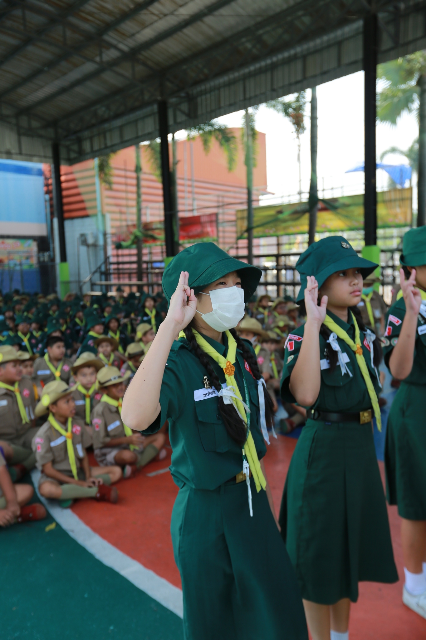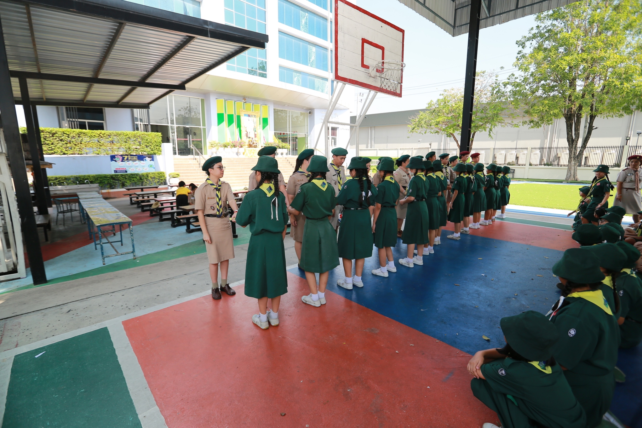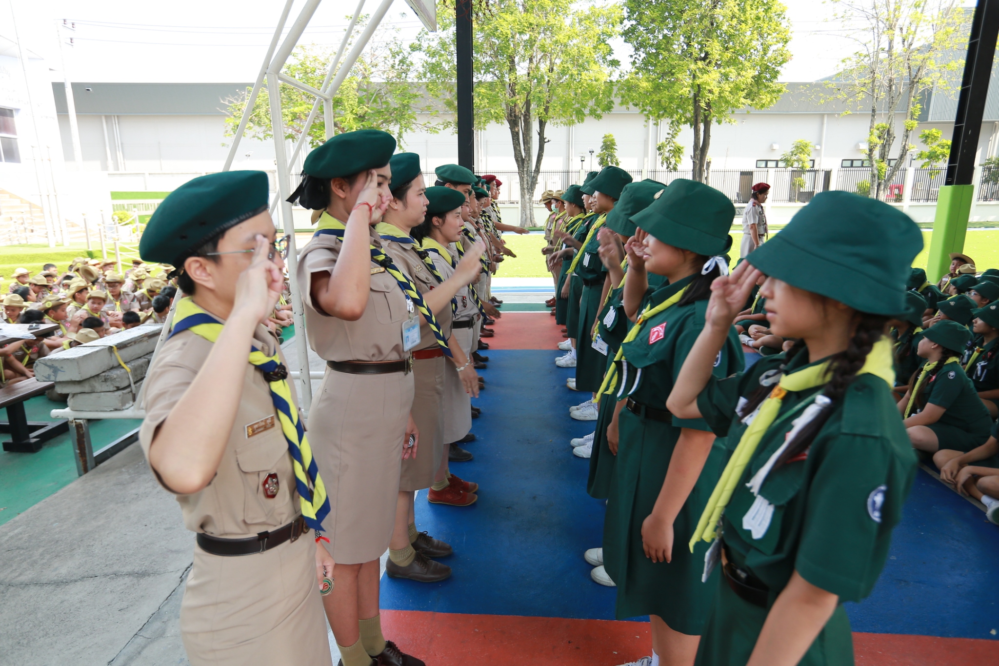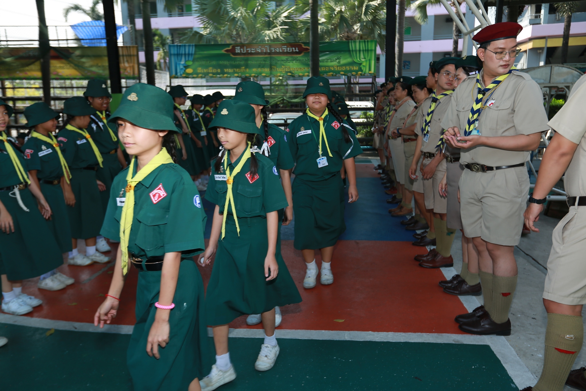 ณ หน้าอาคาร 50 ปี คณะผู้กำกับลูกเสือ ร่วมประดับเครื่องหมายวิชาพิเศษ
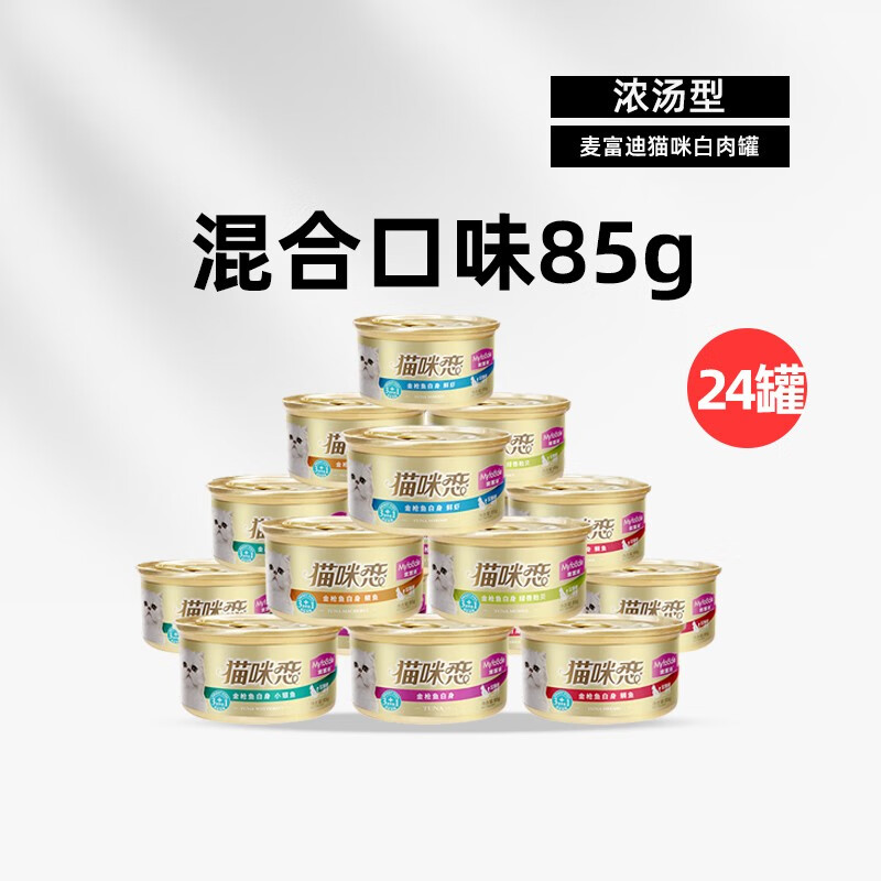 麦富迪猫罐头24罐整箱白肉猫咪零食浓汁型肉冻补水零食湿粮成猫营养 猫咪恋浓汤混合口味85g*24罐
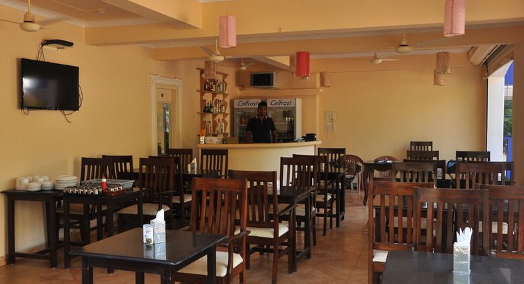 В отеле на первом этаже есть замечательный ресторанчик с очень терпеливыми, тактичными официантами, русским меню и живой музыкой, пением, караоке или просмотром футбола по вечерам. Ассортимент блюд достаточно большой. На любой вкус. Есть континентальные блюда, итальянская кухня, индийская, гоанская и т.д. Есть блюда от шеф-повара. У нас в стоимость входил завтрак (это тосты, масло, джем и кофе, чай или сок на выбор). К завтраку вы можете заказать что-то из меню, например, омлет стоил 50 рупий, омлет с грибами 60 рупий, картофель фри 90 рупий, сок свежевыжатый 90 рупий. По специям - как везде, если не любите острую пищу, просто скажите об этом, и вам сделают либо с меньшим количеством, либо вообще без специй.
========================================
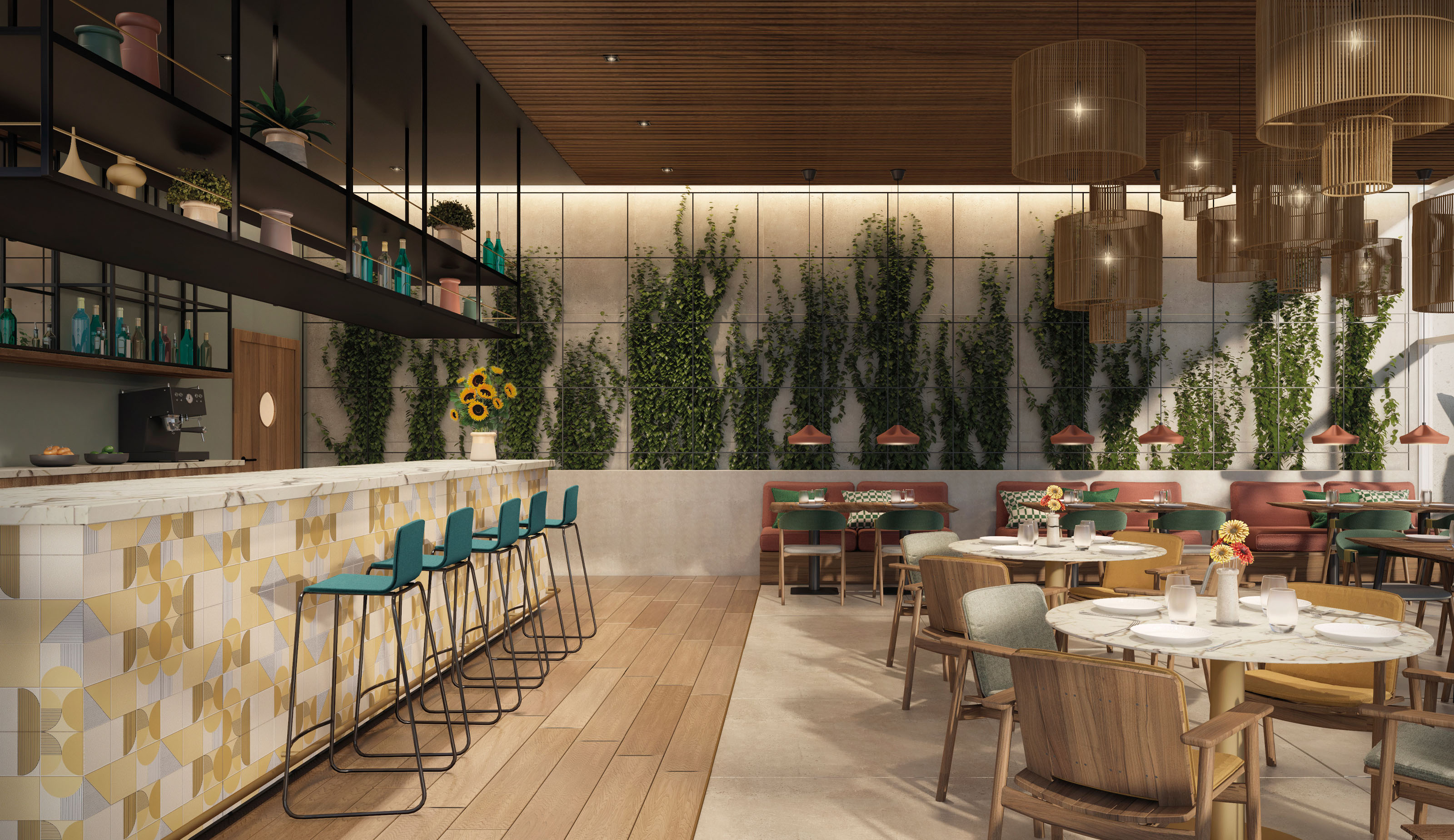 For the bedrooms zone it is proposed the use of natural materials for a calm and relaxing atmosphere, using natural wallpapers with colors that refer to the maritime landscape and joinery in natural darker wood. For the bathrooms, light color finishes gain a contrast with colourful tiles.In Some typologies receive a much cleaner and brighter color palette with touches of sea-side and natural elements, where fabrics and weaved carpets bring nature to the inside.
========================================
YOUR GOAL: Only the lines of the listing above from the one with "ณ หน้าอาคาร 50" through the one with "麦富迪猫罐头24罐整箱白肉猫" should be output, exactly, with both ends kept and pictures left out.

TASK OUTPUT:
 ณ หน้าอาคาร 50 ปี คณะผู้กำกับลูกเสือ ร่วมประดับเครื่องหมายวิชาพิเศษ
 麦富迪猫罐头24罐整箱白肉猫咪零食浓汁型肉冻补水零食湿粮成猫营养 猫咪恋浓汤混合口味85g*24罐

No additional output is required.